The murder of Sweden’s foreign minister: A Nordic and European tragedy

Series Title
Series Details No.8341, 13.9.03
Publication Date 13/09/2003
Content Type ,

Date: 13/09/03

The murder of Anna Lindh, Sweden's foreign minister, has shaken the nation but may not make Swedes embrace Europe's single currency

ANNA LINDH, the Swedish foreign minister who died on September 11th after being stabbed the day before in a Swedish department store by an assailant apparently unknown to her, typified many of the good qualities associated with her country: candour, high-mindedness, a sense of justice and equality, and pragmatism. As foreign minister, she helped to push Sweden out of its traditional neutrality and towards a more active engagement in the wider world, particularly within the European Union.

Hence, to a large degree, her enthusiasm for Sweden to join the EU, which it did in 1995, and, more recently, to join Europe's single currency. She had been Sweden's most prominent promoter of the euro, matching the prime minister, Göran Persson. Her handsome face smiled out of thousands of posters festooned across the country. She was widely considered to be the pro-euro team's best asset. Many expected her to be the next prime minister.

In the first rush of national gloom and introspection following Mrs Lindh's death, some politicians suggested that the referendum should be postponed. Immediately after the attack, Mr Persson said that the yes side would stop campaigning, out of respect for the foreign minister, whether or not the referendum went ahead on schedule. But, with leaders of the opposition parties (including those who support the euro) urging that the vote should be held, the prime minister agreed that it should go ahead.

Inevitably, there were calls for Sweden's politicians to have tighter security. Inevitably, too, there were glum reminders of the murder in 1986 of the then prime minister, Olof Palme, after he left a Stockholm cinema; his killer has never been found. As The Economist went to press, Mrs Lindh's killer had not been caught. An onlooker described him merely as a tall man in camouflage fatigues.

As things stand, only the prime minister and King Carl XVI Gustaf have regular bodyguards. Ordinary citizens in the capital often bump into government ministers in the street or in the underground railway and enjoy bearding them about issues of the day. Despite the tragedy that befell Mrs Lindh, the Swedish public and politicians will be loth to dispense altogether with such openness, a treasured symbol of the country's egalitarian tradition.

Mrs Lindh's own career embodied much that has happened to Sweden over the past decade or so. Aged 46 and trained as a lawyer, she was always active in politics: she had been head of the Social Democrats' youth movement. Starting in local politics in Stockholm, she entered parliament in 1982 and soon achieved promotion, becoming environment minister in 1994 and foreign minister in 1998.

In comparison with older-guard members of her party, she was notably less ideological, and keen to move Sweden from its neutralist moral high ground, enthusing, for instance, about the country's recent readiness to co-operate with NATO in defence matters.
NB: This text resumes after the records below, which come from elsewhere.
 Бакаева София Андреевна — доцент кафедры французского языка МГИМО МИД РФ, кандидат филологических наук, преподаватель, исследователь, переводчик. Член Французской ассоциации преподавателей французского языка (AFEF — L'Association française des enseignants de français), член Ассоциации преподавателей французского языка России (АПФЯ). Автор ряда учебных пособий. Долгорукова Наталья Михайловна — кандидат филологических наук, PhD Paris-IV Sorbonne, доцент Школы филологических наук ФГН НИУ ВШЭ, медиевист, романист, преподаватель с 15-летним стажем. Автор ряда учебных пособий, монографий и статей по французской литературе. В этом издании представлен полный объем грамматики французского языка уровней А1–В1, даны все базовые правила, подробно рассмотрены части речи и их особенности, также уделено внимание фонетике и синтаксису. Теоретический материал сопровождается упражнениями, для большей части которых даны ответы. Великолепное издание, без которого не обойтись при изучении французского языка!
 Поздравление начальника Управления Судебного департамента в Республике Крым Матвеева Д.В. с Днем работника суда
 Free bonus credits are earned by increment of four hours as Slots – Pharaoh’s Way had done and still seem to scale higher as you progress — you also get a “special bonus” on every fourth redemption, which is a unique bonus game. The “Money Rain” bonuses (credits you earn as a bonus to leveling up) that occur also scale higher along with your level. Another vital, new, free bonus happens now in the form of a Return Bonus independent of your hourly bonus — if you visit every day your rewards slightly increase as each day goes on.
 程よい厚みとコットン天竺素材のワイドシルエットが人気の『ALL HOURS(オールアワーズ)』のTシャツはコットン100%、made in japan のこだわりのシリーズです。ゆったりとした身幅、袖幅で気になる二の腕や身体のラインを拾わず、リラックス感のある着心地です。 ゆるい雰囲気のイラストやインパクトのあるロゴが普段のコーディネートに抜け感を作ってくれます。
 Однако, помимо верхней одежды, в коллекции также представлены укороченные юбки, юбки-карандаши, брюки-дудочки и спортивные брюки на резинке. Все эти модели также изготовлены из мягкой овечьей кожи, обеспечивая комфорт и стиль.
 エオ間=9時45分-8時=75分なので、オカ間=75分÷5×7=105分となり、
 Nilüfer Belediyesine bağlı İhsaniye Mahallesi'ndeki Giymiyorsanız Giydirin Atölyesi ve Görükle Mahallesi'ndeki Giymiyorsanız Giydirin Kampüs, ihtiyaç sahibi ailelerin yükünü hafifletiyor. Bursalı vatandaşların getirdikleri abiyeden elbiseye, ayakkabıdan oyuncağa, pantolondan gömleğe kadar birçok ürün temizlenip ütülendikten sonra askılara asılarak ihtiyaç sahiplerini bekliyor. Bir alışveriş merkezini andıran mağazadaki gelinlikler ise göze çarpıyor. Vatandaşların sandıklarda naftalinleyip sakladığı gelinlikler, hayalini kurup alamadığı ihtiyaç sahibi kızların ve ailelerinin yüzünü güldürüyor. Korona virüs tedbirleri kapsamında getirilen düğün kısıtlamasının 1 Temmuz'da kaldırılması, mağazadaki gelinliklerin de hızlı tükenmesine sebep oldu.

She was also an ardent advocate of bringing the Baltic states both into NATO and into the EU.

At the same time, however, while urging solidarity with the United States after the felling of New York's Twin Towers two years ago, she was typically forthright in condemning the Americans for failing to wait for a UN Security Council resolution this spring before going to war in Iraq, describing President George Bush as a “lone ranger”. But, by virtue of her famed charm and intelligence, she kept a good rapport with, among others, Colin Powell, the American secretary of state, who once reportedly said there were three good things about Sweden: “Abba, Volvos and Anna Lindh”. (“Am I only third?” she is said to have quipped back.) More recently, she had been rude about Italy's prime minister, Silvio Berlusconi, questioning Italy's suitability under his leadership to hold the EU's current six-month presidency.

In general, however, Mrs Lindh was at pains to pull Sweden more actively into the affairs of Europe, shifting the emphasis away from her country's focus on third-world matters (especially in Africa) while sustaining its position as one of the highest per capita donors to poor countries.

Yet, despite her enthusiasm for the euro, by the standards of the EU's founding core of countries, she did not uncritically favour ever closer political integration. She had become probably the most influential of the three Nordic EU countries' foreign ministers. In particular she demanded greater openness in EU affairs, in keeping with her own country's tradition. For that reason alone, she will be sorely missed on the international stage.